### WHAT YOU SHOULD DO:
The whole listing below, with no pictures, is to be repeated as it stands.

### MATERIAL PROVIDED:
*** Block opens ***

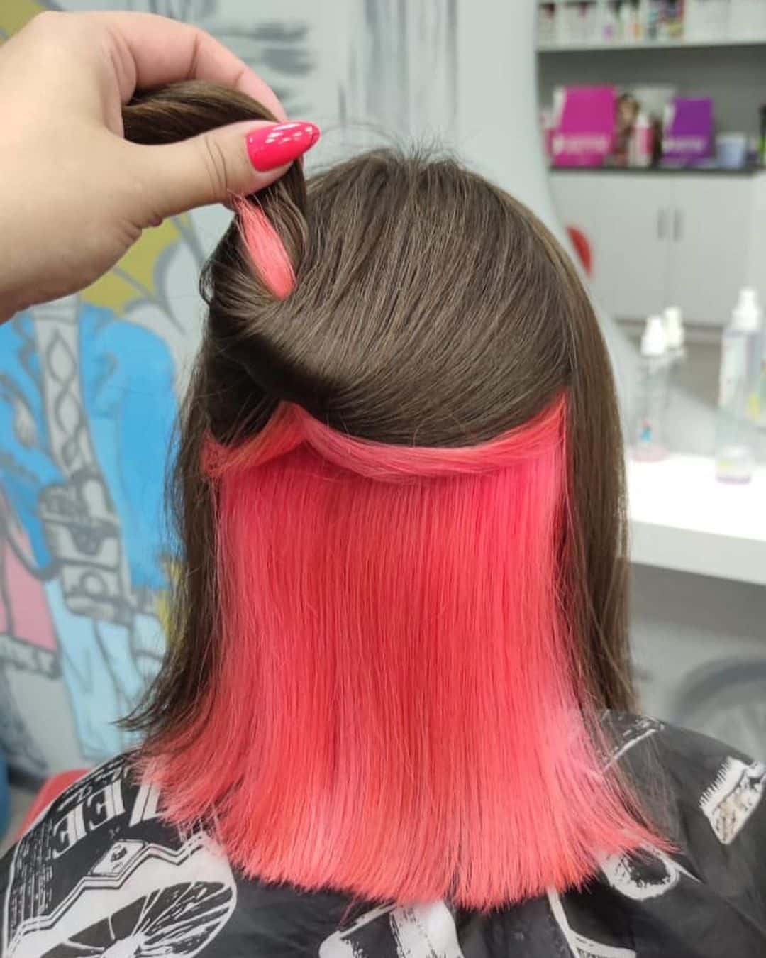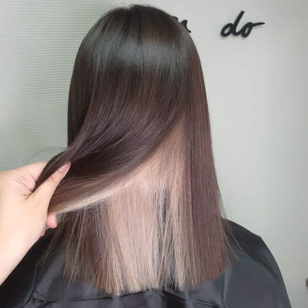 Радикальное и одновременно скрытое окрашивания волос в коричневый может менять образ, в зависимости от пробора, давая видимость цвета.
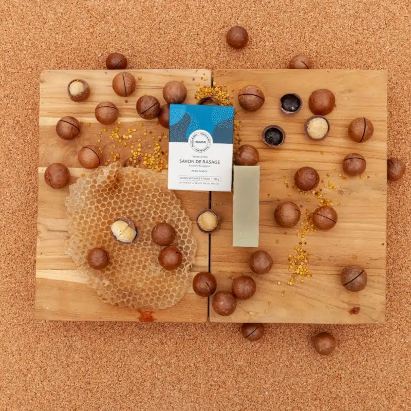 Le Savon de rasage au miel d’Eucalyptus est formulé avec des ingrédients d’origine naturelle.
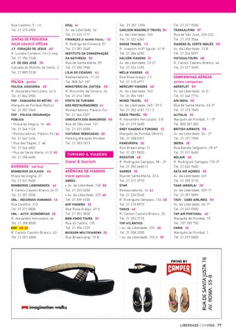 Av. da Liberdade, 160 5 G Tel. 21 323 0200 • Av. da Liberdade, 225 4 E Tel. 21 359 6100 Rua Rosa Araújo, 49 A Tel. 21 351 3830 Bem Vindo Tours 3 F
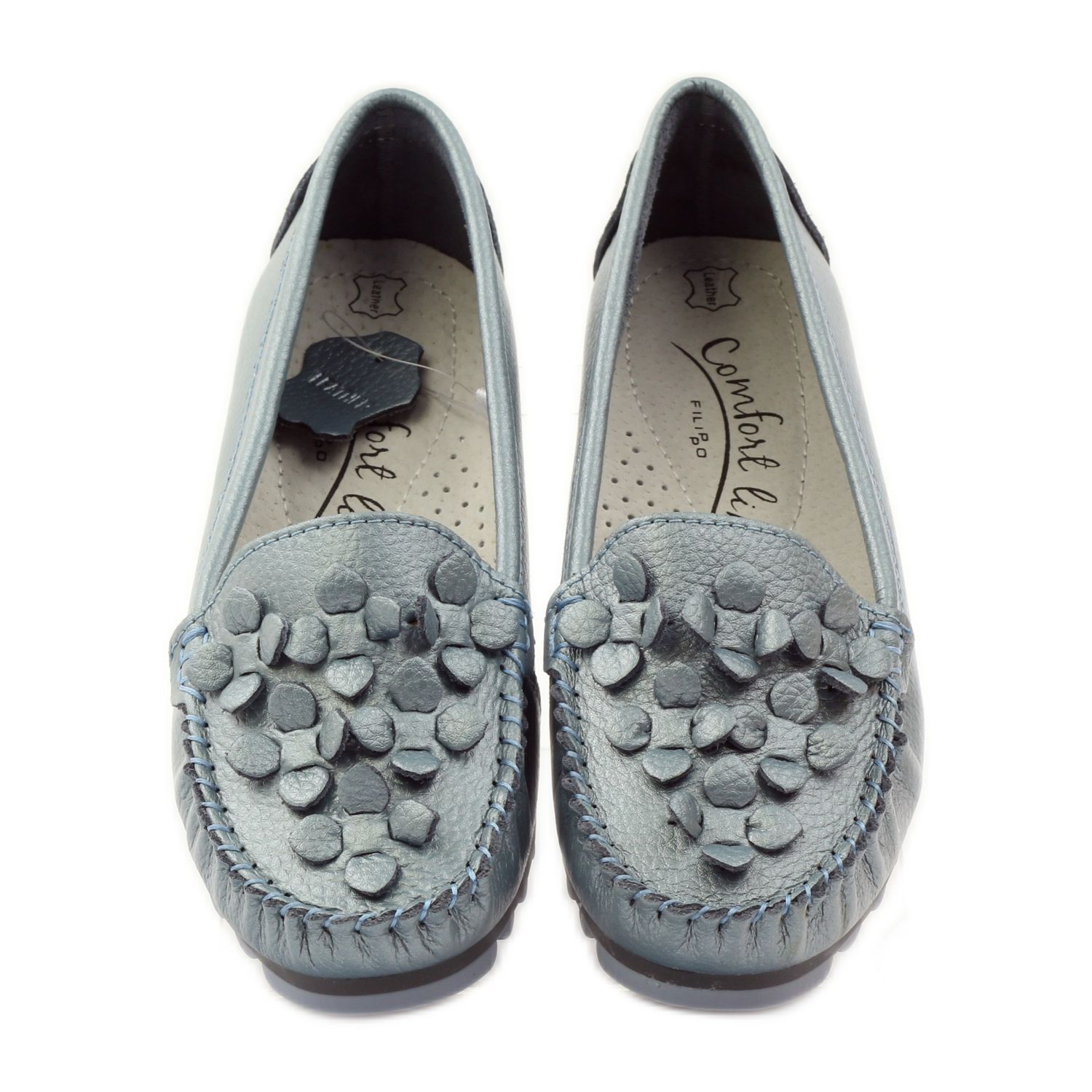 Filippo Półbuty mokasyny niebieskie F 138 to idealne obuwie dla kobiet, które pragną cieszyć się zarówno stylem, jak i komfortem wiosną i latem. Te eleganckie mokasyny wyróżniają się pięknym niebieskim kolorem oraz metalizowanym wykończeniem, które przyciąga wzrok. Dodatkowo, subtelne zdobienia w formie kwiatków na przodzie cholewki dodają im wyjątkowego uroku.

*** Block closes ***

### REPLY:
 Радикальное и одновременно скрытое окрашивания волос в коричневый может менять образ, в зависимости от пробора, давая видимость цвета.
 Le Savon de rasage au miel d’Eucalyptus est formulé avec des ingrédients d’origine naturelle.
 Av. da Liberdade, 160 5 G Tel. 21 323 0200 • Av. da Liberdade, 225 4 E Tel. 21 359 6100 Rua Rosa Araújo, 49 A Tel. 21 351 3830 Bem Vindo Tours 3 F
 Filippo Półbuty mokasyny niebieskie F 138 to idealne obuwie dla kobiet, które pragną cieszyć się zarówno stylem, jak i komfortem wiosną i latem. Te eleganckie mokasyny wyróżniają się pięknym niebieskim kolorem oraz metalizowanym wykończeniem, które przyciąga wzrok. Dodatkowo, subtelne zdobienia w formie kwiatków na przodzie cholewki dodają im wyjątkowego uroku.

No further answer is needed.